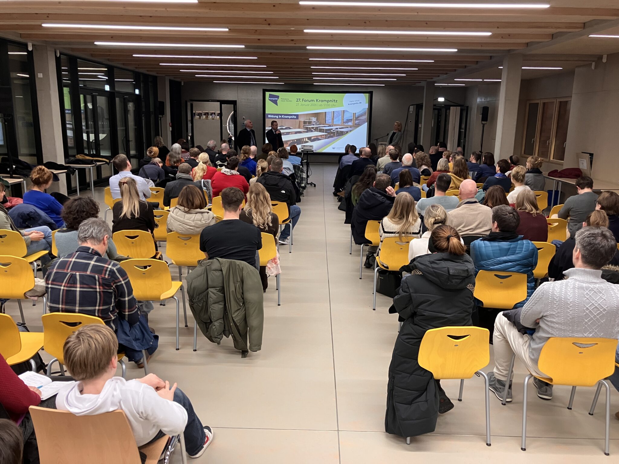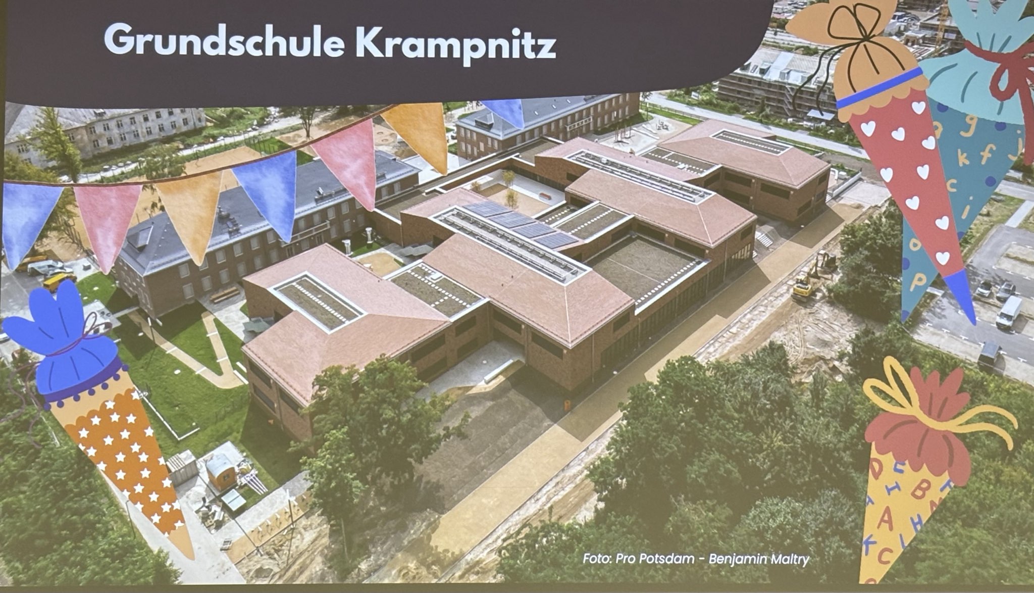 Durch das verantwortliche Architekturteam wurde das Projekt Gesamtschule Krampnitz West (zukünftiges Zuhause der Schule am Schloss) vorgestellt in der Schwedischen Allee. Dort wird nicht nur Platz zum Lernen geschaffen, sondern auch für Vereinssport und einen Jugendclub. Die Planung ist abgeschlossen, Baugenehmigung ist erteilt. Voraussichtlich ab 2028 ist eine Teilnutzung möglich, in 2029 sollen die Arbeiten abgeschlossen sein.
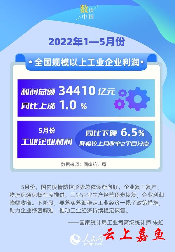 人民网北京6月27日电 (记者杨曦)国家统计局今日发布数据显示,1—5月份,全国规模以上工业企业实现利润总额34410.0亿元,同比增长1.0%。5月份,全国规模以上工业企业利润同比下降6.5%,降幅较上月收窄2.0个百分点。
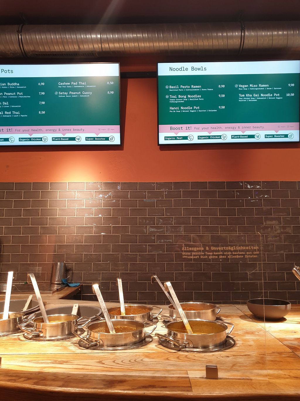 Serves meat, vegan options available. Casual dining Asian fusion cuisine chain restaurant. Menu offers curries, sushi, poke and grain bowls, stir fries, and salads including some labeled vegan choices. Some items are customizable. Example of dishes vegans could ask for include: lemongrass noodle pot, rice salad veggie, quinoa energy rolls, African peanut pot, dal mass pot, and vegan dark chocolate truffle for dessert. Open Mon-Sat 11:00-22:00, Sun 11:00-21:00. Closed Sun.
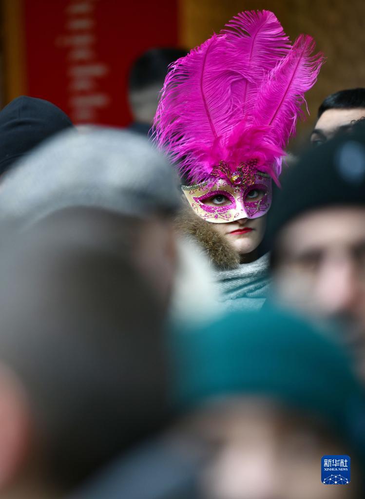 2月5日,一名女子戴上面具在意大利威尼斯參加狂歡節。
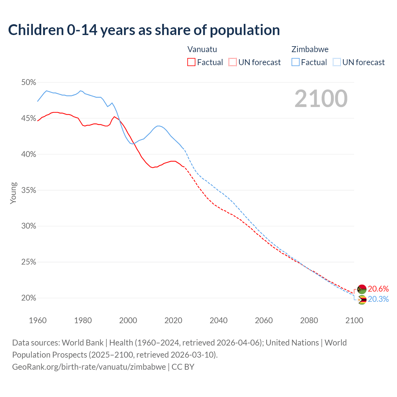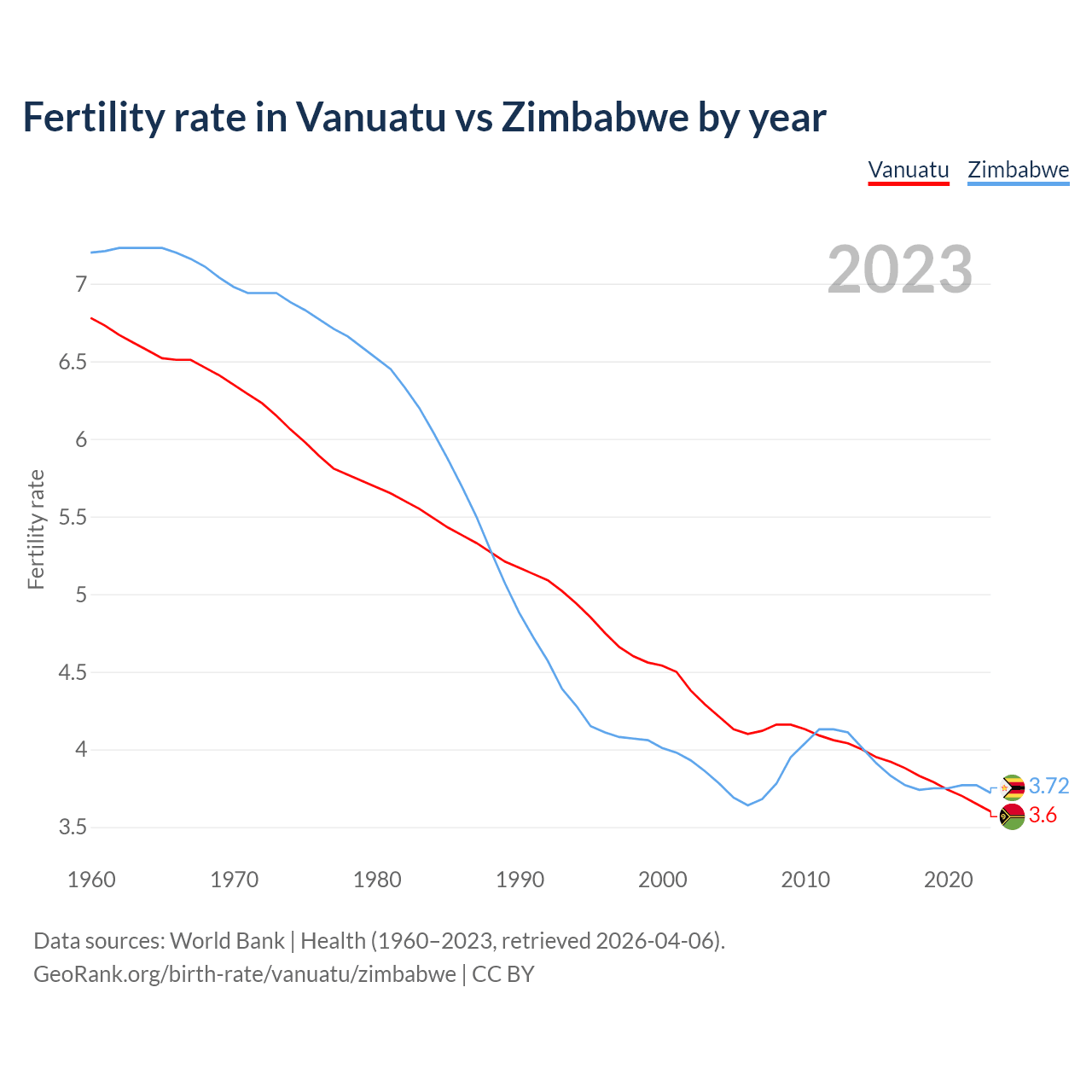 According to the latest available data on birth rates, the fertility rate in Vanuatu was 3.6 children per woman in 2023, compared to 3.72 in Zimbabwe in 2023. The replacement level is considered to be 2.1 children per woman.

--

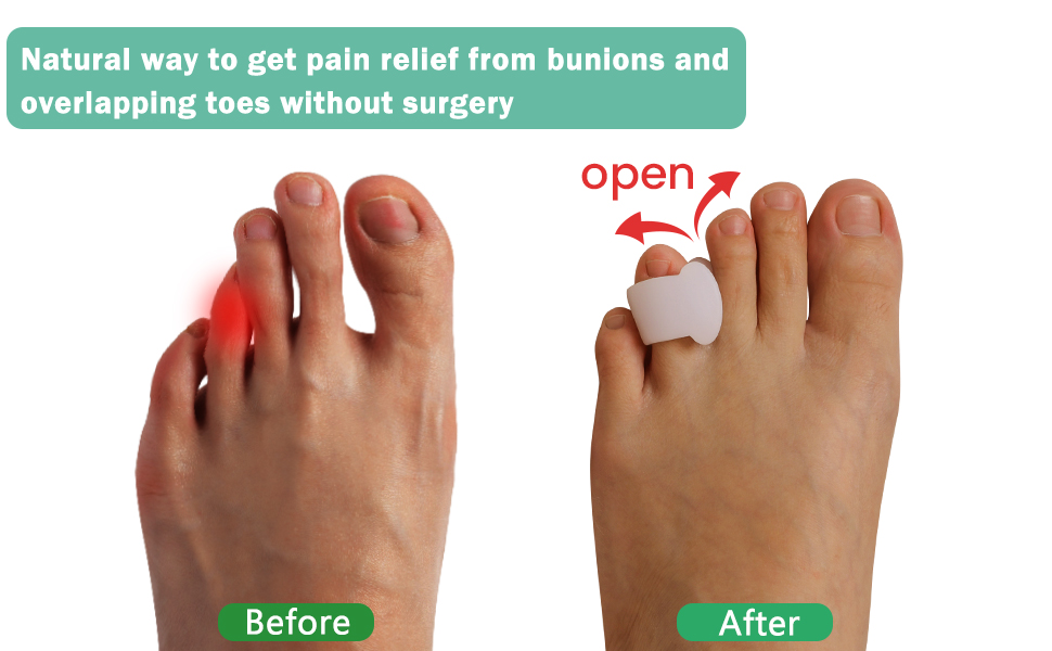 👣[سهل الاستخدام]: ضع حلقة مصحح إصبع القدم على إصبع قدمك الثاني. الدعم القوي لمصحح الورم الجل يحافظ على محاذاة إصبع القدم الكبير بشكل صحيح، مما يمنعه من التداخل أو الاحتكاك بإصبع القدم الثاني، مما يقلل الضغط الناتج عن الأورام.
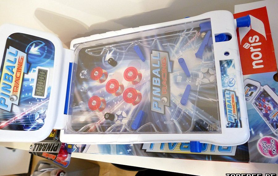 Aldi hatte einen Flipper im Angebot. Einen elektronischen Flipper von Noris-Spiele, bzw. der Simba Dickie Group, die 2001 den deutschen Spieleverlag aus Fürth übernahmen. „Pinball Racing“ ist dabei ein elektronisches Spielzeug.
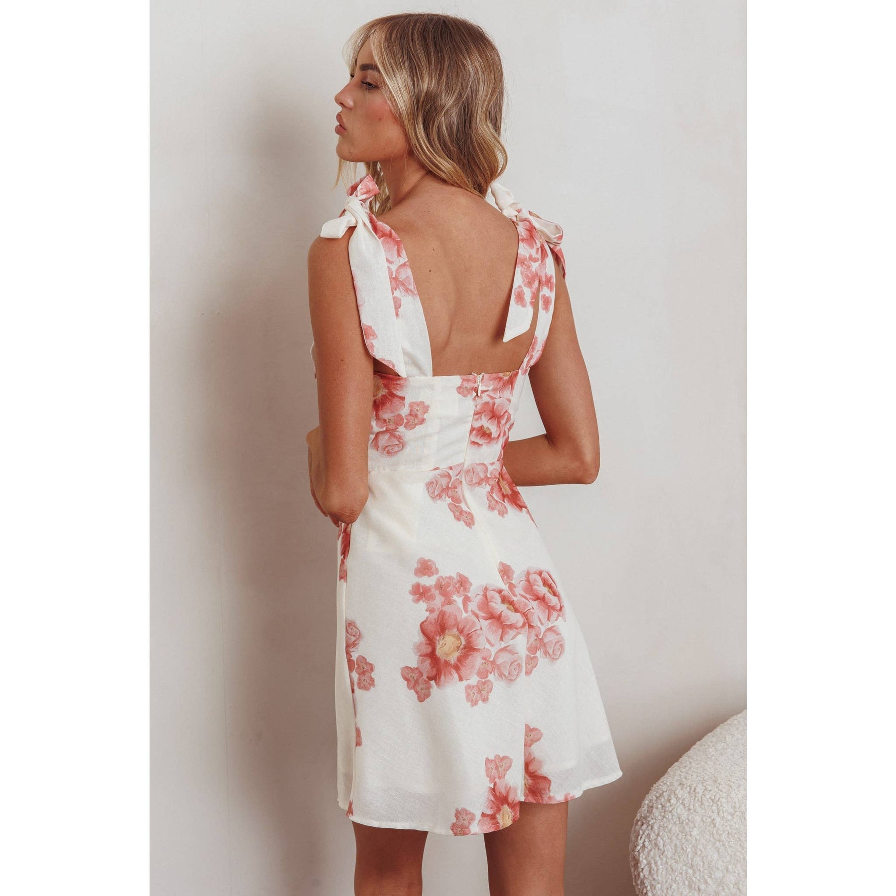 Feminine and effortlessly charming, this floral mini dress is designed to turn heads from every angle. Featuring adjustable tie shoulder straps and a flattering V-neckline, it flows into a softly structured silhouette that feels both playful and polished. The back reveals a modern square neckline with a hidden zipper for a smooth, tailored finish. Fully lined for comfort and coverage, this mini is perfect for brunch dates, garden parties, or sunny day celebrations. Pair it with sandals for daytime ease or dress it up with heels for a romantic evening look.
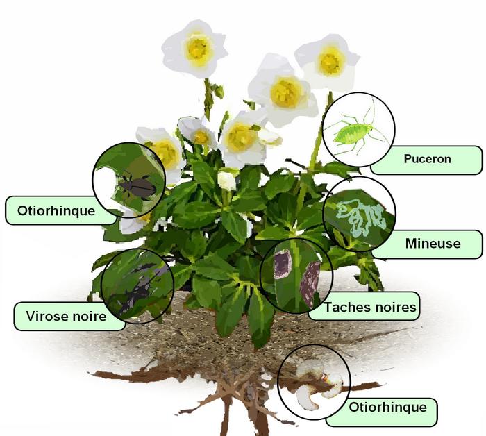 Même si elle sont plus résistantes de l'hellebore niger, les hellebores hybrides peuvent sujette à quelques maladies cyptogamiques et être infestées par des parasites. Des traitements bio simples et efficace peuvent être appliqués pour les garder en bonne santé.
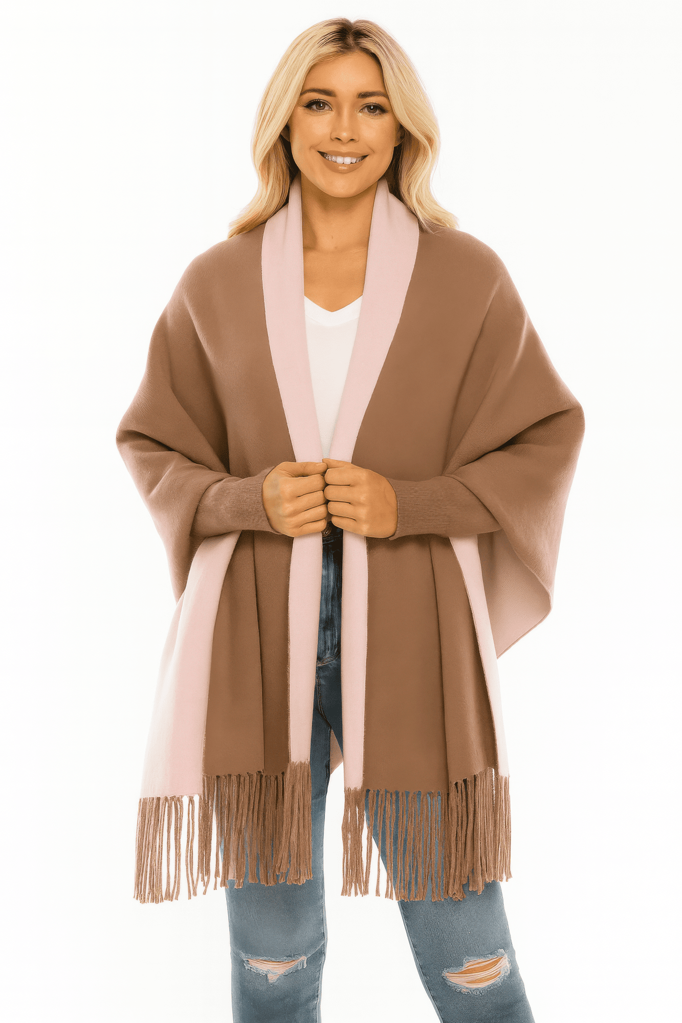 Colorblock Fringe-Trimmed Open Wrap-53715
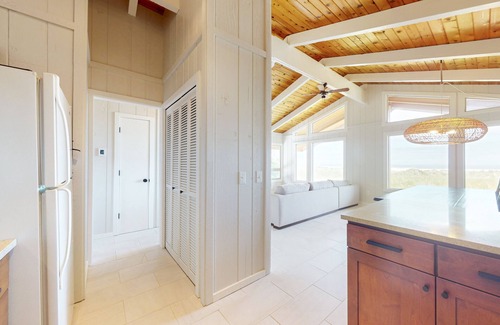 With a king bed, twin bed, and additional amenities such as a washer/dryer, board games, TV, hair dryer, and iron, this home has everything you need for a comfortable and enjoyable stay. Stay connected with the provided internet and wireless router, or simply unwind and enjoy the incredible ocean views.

EXERCISE DIRECTIONS
In the listing above, find the line with "Durch das verantwortliche" and output every line through the one with "人民网北京6月27日电 (记", exactly, without the pictures.

ANSWER BELOW
 Durch das verantwortliche Architekturteam wurde das Projekt Gesamtschule Krampnitz West (zukünftiges Zuhause der Schule am Schloss) vorgestellt in der Schwedischen Allee. Dort wird nicht nur Platz zum Lernen geschaffen, sondern auch für Vereinssport und einen Jugendclub. Die Planung ist abgeschlossen, Baugenehmigung ist erteilt. Voraussichtlich ab 2028 ist eine Teilnutzung möglich, in 2029 sollen die Arbeiten abgeschlossen sein.
 人民网北京6月27日电 (记者杨曦)国家统计局今日发布数据显示,1—5月份,全国规模以上工业企业实现利润总额34410.0亿元,同比增长1.0%。5月份,全国规模以上工业企业利润同比下降6.5%,降幅较上月收窄2.0个百分点。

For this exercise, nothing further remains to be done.